Global Capital, December 2016
South Africa has a lot going for it as a financial hub for Sub-Saharan Africa. It has deep and liquid debt and equity markets, strong institutions, the rule of law, transport links to most of the continent, and expansive local companies who provide a natural client base for South African banks building a presence in the region.
But is the country taking the best possible advantage of the situation? There is a feeling in South Africa that there is more potential than is being addressed.
Perhaps the clearest evidence of South Africa as a regional financial hub can be found in one of its banks: Standard Bank, which has offices or subsidiaries in in 19 countries across Africa. Along with Togo-headquartered Ecobank, it is the closest thing that can be found to a truly universal pan-African banking group. Barclays, too, clearly sees the potential of a regional business hubbed out of South Africa, having absorbed the South Africa-based group Absa in 2013; today called Barclays Africa Group and 62.3% owned by Barclays Bank, it has majority stakes in banks in 10 African nations and representative offices in two more.
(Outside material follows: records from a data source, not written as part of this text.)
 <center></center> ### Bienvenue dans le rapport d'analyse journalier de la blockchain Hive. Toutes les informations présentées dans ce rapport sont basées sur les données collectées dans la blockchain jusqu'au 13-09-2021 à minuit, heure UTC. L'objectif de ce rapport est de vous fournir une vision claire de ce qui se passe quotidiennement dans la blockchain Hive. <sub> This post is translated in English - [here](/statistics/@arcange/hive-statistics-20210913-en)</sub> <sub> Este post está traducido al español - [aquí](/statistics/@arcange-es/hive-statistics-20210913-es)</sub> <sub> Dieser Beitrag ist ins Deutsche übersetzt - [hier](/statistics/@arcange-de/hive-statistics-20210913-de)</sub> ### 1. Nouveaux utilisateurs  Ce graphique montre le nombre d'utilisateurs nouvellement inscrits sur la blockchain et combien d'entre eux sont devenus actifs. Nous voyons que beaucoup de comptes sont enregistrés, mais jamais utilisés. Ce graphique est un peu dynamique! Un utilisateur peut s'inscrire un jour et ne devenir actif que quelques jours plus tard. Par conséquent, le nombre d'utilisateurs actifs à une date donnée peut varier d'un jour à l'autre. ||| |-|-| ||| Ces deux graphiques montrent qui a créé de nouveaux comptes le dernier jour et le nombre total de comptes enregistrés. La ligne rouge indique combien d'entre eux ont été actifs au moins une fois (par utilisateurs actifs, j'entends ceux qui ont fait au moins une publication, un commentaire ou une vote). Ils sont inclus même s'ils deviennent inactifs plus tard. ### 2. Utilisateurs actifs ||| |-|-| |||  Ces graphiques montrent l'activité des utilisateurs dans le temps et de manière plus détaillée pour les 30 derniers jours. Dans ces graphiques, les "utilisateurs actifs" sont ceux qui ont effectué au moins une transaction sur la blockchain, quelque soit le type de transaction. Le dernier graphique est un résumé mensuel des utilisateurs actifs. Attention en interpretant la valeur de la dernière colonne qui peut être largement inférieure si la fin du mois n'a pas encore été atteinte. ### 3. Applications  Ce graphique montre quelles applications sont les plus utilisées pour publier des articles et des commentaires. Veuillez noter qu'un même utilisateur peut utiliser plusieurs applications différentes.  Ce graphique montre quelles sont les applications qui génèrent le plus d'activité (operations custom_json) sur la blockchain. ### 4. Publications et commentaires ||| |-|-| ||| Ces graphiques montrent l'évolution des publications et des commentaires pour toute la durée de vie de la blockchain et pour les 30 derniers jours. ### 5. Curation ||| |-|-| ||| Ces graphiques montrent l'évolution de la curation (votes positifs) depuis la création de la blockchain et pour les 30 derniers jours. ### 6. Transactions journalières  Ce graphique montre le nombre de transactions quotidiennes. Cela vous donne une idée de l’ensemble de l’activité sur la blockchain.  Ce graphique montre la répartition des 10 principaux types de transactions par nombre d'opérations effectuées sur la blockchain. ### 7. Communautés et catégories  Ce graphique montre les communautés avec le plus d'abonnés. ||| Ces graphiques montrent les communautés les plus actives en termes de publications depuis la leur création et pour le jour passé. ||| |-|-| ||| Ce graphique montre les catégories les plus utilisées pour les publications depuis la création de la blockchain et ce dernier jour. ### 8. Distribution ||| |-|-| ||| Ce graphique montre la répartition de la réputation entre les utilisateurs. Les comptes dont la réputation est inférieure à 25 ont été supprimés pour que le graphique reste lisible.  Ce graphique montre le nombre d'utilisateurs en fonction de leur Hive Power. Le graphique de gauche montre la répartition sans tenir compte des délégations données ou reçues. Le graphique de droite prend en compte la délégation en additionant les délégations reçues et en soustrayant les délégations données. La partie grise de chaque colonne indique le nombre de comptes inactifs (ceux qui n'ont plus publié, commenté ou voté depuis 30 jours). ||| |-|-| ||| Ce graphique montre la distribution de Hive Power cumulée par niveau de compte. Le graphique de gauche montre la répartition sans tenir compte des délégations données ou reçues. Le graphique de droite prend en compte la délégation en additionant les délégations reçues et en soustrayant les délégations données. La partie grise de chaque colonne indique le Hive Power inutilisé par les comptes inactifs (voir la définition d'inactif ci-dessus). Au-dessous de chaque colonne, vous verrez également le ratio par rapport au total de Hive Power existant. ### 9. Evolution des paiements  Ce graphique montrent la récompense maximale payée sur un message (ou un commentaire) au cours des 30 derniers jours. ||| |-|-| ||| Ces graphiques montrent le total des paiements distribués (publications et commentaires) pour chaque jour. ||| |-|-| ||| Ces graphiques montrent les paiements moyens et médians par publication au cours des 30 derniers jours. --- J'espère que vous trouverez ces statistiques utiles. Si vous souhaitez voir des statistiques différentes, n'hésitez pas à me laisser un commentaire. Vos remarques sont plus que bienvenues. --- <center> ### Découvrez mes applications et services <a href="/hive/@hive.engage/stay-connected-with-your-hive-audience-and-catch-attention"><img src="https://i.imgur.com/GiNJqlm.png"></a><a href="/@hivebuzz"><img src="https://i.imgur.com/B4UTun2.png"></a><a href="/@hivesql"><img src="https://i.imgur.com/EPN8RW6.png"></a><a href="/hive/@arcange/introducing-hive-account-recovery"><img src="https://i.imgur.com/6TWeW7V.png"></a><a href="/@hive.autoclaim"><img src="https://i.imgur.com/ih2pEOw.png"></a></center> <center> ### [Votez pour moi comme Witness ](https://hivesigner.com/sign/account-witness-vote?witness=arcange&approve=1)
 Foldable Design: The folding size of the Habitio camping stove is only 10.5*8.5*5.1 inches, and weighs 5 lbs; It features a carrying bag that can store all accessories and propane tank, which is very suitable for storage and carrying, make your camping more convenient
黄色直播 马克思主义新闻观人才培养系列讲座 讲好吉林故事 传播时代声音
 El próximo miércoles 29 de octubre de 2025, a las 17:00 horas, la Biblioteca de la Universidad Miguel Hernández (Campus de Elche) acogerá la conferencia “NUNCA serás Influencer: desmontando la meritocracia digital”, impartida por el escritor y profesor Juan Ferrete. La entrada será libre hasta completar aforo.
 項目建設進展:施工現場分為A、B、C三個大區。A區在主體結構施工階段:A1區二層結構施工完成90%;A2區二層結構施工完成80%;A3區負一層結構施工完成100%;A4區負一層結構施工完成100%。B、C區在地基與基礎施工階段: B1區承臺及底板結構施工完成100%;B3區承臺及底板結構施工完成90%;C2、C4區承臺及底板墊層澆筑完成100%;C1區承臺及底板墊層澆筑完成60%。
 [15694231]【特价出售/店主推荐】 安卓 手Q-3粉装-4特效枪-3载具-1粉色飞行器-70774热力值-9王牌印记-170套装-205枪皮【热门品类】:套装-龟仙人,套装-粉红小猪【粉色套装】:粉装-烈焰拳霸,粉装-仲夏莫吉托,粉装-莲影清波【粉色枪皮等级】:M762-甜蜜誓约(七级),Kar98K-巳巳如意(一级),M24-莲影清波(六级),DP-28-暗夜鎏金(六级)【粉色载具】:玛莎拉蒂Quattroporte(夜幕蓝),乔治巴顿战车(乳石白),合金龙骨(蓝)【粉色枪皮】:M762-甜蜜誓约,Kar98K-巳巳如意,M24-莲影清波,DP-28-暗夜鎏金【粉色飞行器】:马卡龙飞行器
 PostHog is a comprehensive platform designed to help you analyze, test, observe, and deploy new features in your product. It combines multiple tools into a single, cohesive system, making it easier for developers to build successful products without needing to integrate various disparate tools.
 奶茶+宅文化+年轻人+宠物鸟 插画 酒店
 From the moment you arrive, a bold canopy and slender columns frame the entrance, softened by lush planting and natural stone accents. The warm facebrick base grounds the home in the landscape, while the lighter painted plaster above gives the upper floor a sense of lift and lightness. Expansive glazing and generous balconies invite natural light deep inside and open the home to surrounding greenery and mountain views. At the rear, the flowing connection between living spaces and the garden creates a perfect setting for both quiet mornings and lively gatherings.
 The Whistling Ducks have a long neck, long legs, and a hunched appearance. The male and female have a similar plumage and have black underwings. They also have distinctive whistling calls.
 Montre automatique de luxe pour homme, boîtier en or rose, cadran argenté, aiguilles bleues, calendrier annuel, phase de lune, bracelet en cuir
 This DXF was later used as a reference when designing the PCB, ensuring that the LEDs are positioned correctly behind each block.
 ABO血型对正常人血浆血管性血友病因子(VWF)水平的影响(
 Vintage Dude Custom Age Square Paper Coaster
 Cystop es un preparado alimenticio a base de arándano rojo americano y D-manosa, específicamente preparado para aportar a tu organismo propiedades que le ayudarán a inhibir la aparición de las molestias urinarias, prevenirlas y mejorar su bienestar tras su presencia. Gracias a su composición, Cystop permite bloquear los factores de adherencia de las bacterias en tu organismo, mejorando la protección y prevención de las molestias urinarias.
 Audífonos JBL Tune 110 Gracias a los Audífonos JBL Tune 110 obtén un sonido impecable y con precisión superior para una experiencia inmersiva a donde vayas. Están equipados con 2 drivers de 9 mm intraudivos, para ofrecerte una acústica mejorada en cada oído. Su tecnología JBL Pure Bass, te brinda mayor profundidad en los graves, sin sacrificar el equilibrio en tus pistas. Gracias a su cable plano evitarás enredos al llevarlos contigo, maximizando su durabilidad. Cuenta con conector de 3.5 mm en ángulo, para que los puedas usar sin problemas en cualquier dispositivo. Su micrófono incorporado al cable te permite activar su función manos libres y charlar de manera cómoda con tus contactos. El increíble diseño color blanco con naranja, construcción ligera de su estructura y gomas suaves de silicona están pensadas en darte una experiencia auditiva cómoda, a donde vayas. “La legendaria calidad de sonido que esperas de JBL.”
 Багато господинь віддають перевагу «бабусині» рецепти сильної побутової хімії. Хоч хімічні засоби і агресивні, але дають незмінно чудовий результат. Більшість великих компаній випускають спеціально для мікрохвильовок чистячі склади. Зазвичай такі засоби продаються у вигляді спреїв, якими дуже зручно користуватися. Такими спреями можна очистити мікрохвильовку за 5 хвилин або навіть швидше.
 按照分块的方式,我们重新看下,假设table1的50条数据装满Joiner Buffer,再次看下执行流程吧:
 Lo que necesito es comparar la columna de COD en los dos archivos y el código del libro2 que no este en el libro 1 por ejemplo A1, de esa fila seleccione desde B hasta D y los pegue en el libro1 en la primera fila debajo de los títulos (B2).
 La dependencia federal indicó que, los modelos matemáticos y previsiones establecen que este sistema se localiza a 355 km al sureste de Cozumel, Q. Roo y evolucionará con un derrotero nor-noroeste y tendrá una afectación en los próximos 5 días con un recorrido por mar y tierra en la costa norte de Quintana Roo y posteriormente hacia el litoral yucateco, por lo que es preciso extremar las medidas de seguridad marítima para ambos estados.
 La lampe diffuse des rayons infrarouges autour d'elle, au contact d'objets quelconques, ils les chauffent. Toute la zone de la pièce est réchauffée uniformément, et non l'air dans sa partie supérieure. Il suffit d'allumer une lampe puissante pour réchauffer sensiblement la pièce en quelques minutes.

To varying degrees, Standard Chartered and HSBC both use South Africa as a base to serve other markets; Nedbank, in a different approach, has had a strategic banking alliance with Ecobank since 2008 (it is also a 20% shareholder), giving it representation through Ecobank’s 2,000 branches across 36 countries.
“The pioneering path has already been laid,” says Goolam Ballim, chief economist and global head of research at Standard Bank. “South African financial services is globally recognised as top tier in terms of its robustness, quality of governance, and its credibility and legitimacy as an industry.”